If one American city can lay claim to being the root of American music, it’s New Orleans. Detroit, Memphis, Nashville, Philly, Kansas City, St. Louis, and Chicago are immeasurably important tributaries, but New Orleans – that port city which serves as bridge and gateway to countries and commerce, as point of synthesis for countless cultural influences – stands alone in its significance. It’s the cradle from which sprang jazz, blues, R&B, Cajun music and so much more. When Hurricane Katrina wreaked havoc on the city in August of 2005, the loss was incalculable in terms of both lives lost and cultural institutions and traditions either wiped out or severely, if not permanently, crippled.

In New Orleans Music in Exile, documentarian Robert Mugge (Sun Ra: A Joyful Noise; Sonny Rollins Saxophone Colossus; Gospel According to Al Green) tries to capture not only what has been damaged or erased, but whatever sliver of hope might be gleaned from the wreckage. He filmed over a two-and-a-half week period, not only in New Orleans but also Austin, LaFayette and Houston (places various musicians landed post-Katrina) and Philadelphia (where rock legend Dr. John is interviewed after a concert, some weeks after principle filming wrapped). There’s no experimenting with or pushing of the documentary form, and there’s no need for it. The real-life tale contains more than enough dramatic tension, not only around the hurricane but the reassembling of lives once the water recedes.

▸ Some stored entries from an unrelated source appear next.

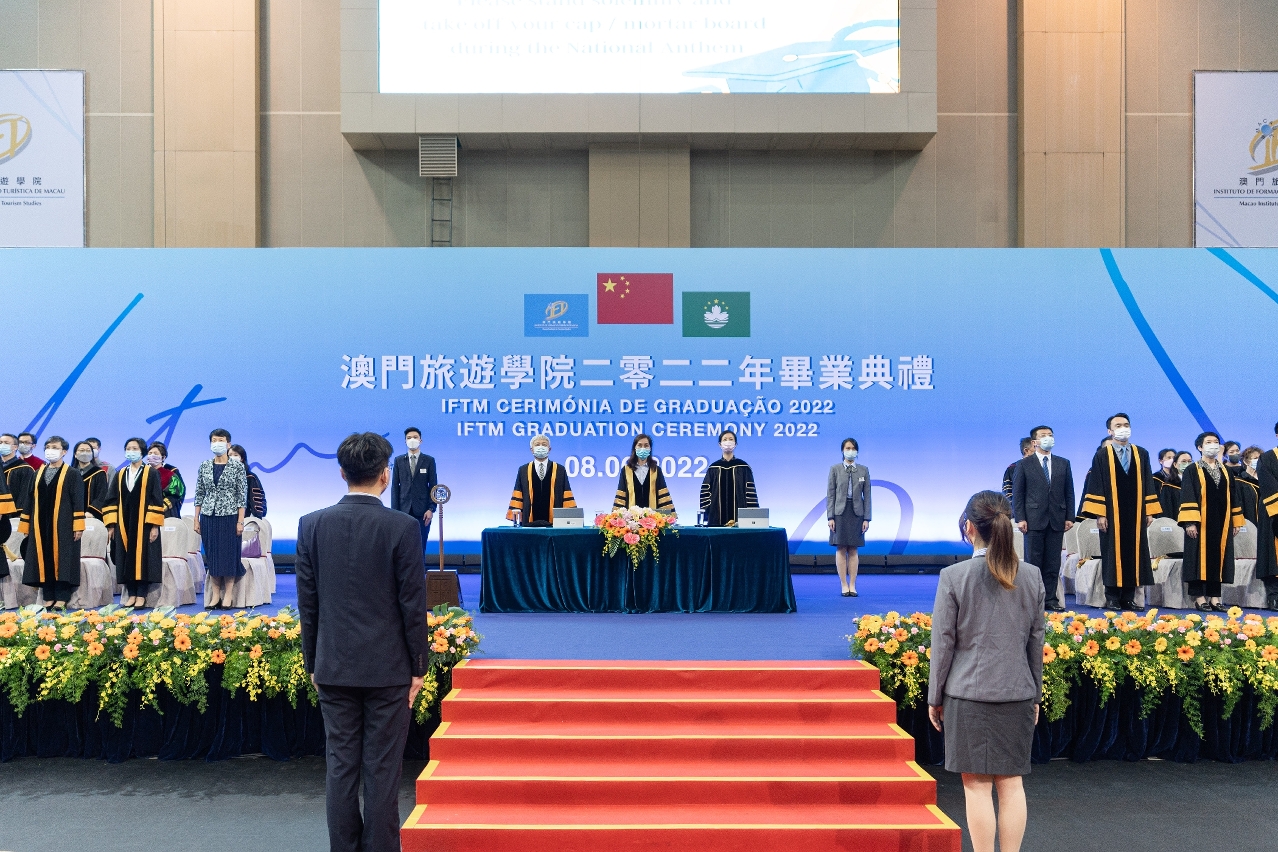 Macao Institute for Tourism Studies (IFTM) held its Graduation Ceremony 2022 at the Tap Seac Multisport Pavilion on 8 June. A total of 468 graduating students of Master of Science (MSc), postgraduate, undergraduate, and diploma programmes received their degrees, embarking on a new journey in life amid the cheers, applause and blessings of the faculty, their relatives and friends, as well as guests from all walks of life.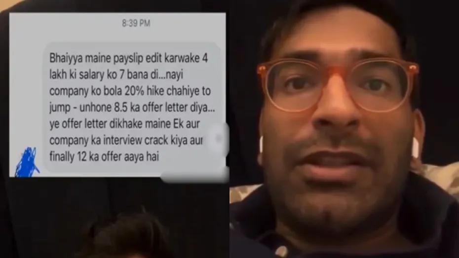 अभी जो वीडियो वायरल हो रहा है उसमें एक बंदा नजर आ रहा है जो किसी शख्स के कमेंट या फिर पोस्ट को पढ़ रहा है। उस पोस्ट में लिखा है, 'भैया मैंने पे-स्लिप एडिट करवा कर 4 लाख की सैलरी को 7 बना दी, नई कंपनी को बोला 20% हाइक चाहिए, उन्होंने 8.5 लाख का ऑफर लेटर दिया। ये ऑफर दिखाकर मैंने एक और कंपनी का इंटरव्यू क्रैक किया और अब आखिरकार 12 का ऑफर आया है।' वीडियो में दिखने वाला बंदा यह पूरा पढ़ने के बाद बोलता है, 'भाई तू कॉर्पोरेट का सांप नहीं कोबरा है। यार तू 4 से सीधे 12 चला गया, बिना कुछ नया सीखे। एक दिन तू मैनेजर जरूर बनेगा, तेरे में गुण है। लोग हाइक के लिए मेहनत कर रहे हैं और तू फोटोशॉप कर रहा है। जिस दिन तू पकड़ा जाएगा, तुझे निकालने और सर्टिफिकेट में फ्रॉड लिखेंगे।'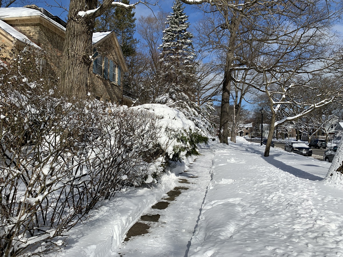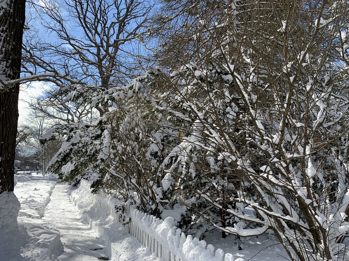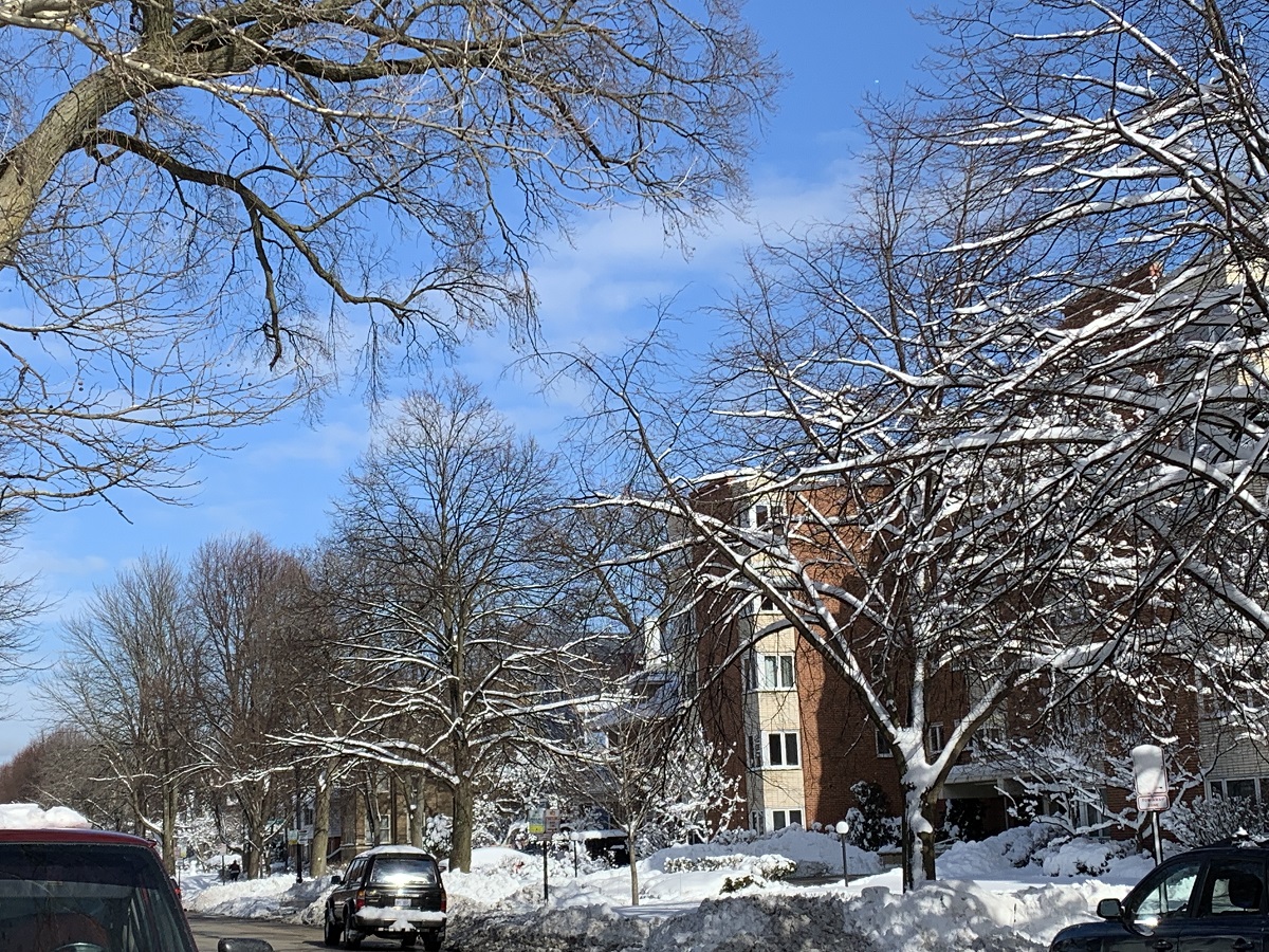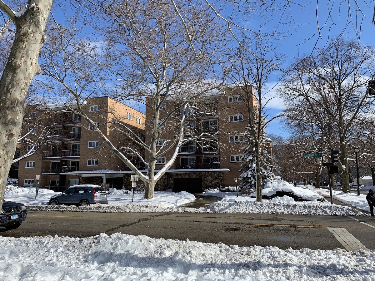 Snow on trees by "castle" condo building at Sherman and Noyes

The film opens with harrowing news footage of the hurricane and its aftermath (homes under water; people being rescued from rooftops; citizens walking along the highway seeking refuge and help) and a cataloguing of the infrastructure failures and government ineptitude that deepened the effects of the tragedy. Interviews with local radio deejays and music critics contextualize and historicize New Orleans music and the myriad factors (including Native American traditions and the music of African slaves) that continue to make the city a unique port of cultural production. Cyril Neville notes that, “Each neighborhood in New Orleans was a village, and [the villages] had a lot in common but also a lot that was unique to them.” And it was in the intermingling of each village’s signature sounds that New Orleans music was born and flourished.

Performance footage from a wide array of performers – some globally famous stars, others local legends – is intercut with densely informative history lessons and sobering commentary on the New Orleans music scene in the wake of Katrina. While there is ample reason to despair of what is gone and irreplaceable, Mugge also captures the slivered hope and firm determination to rebuild and honor not only the past, but the sparks that make the future a possibility.

New Orleans Music in Exile is available on Blu-Ray November 18. In addition to the film itself, the release includes several bonus features: public radio executive David Spizale’s illustrated story of rescuing stranded residents from the New Orleans flood waters; Jon Cleary performing a personalized history of New Orleans piano styles; six musical performances not included in the film; and seven extended versions of performances which were are in the film – all of them shot and mastered on HD video.